:: ASSIGNMENT ::
Everything from the line containing "Павло Тичина з кларнетом, 1940-ві роки." through the line containing "Павло Григорович чудово" in the listing below should be copied exactly, and nothing more.

***** INPUT DATA

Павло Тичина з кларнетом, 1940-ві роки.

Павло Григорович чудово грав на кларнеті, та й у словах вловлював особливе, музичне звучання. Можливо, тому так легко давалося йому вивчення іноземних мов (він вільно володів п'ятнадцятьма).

**********
***** INPUT DATA

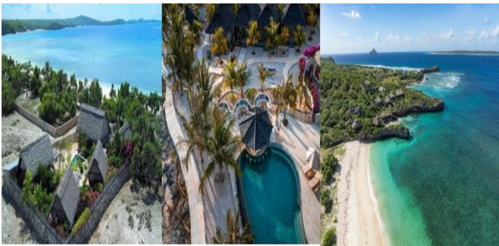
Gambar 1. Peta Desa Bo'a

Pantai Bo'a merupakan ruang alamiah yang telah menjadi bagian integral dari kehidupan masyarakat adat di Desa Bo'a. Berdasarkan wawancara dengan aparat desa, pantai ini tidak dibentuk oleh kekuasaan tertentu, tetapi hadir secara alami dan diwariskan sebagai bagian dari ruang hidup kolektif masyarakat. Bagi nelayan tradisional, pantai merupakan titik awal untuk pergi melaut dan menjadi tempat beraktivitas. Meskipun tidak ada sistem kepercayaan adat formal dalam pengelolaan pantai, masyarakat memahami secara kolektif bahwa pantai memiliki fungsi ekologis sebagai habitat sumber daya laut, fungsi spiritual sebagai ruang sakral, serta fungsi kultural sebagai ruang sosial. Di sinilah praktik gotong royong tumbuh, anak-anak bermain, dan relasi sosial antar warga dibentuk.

**********
***** INPUT DATA

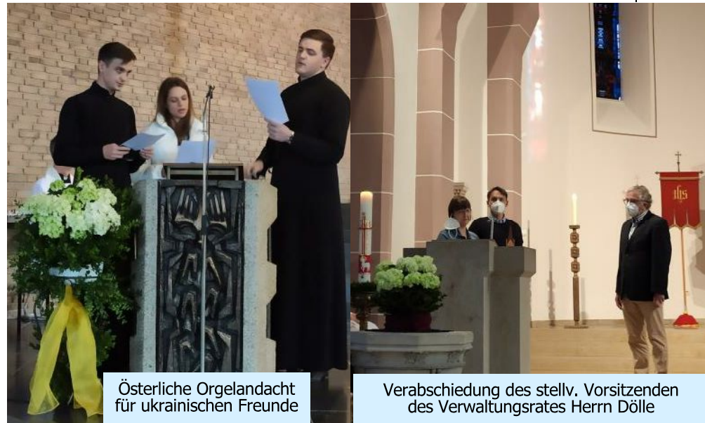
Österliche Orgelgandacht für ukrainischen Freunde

**********

:: SOLUTION TO THIS PROBLEM ::
Павло Тичина з кларнетом, 1940-ві роки.

Павло Григорович чудово грав на кларнеті, та й у словах вловлював особливе, музичне звучання. Можливо, тому так легко давалося йому вивчення іноземних мов (він вільно володів п'ятнадцятьма).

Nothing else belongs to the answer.